Provided material

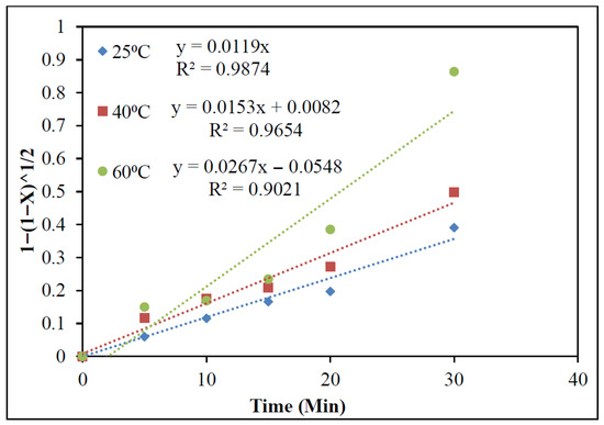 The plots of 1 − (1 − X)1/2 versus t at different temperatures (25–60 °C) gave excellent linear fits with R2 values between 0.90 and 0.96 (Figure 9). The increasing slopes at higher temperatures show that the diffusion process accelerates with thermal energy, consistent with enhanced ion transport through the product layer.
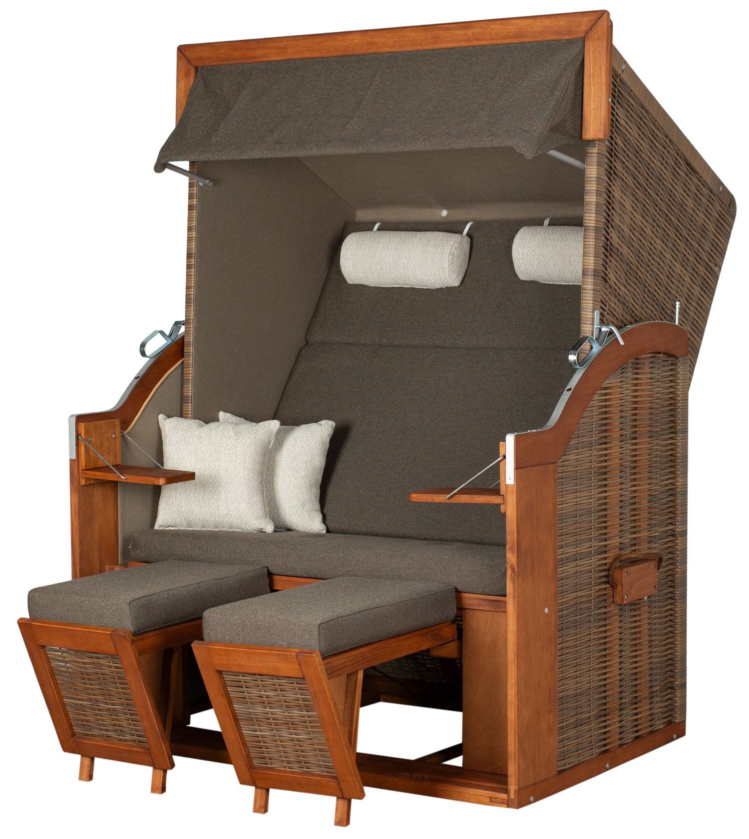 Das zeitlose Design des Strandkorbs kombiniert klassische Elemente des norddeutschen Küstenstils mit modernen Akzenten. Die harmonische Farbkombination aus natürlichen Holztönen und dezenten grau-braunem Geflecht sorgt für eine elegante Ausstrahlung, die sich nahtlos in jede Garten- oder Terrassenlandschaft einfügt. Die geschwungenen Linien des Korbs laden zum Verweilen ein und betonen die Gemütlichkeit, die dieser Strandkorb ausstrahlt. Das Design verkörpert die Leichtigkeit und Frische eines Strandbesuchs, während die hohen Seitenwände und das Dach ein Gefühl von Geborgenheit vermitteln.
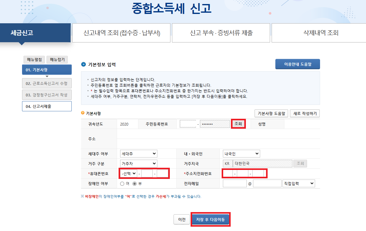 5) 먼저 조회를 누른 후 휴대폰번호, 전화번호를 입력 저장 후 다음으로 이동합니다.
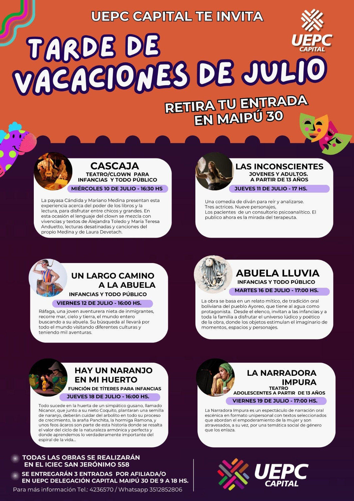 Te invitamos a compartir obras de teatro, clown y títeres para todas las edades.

What is expected
Each line from the one that holds "5) 먼저 조회를 누른" through the final line of the data must be retyped exactly; the pictures must not appear.

Worked solution
 5) 먼저 조회를 누른 후 휴대폰번호, 전화번호를 입력 저장 후 다음으로 이동합니다.
 Te invitamos a compartir obras de teatro, clown y títeres para todas las edades.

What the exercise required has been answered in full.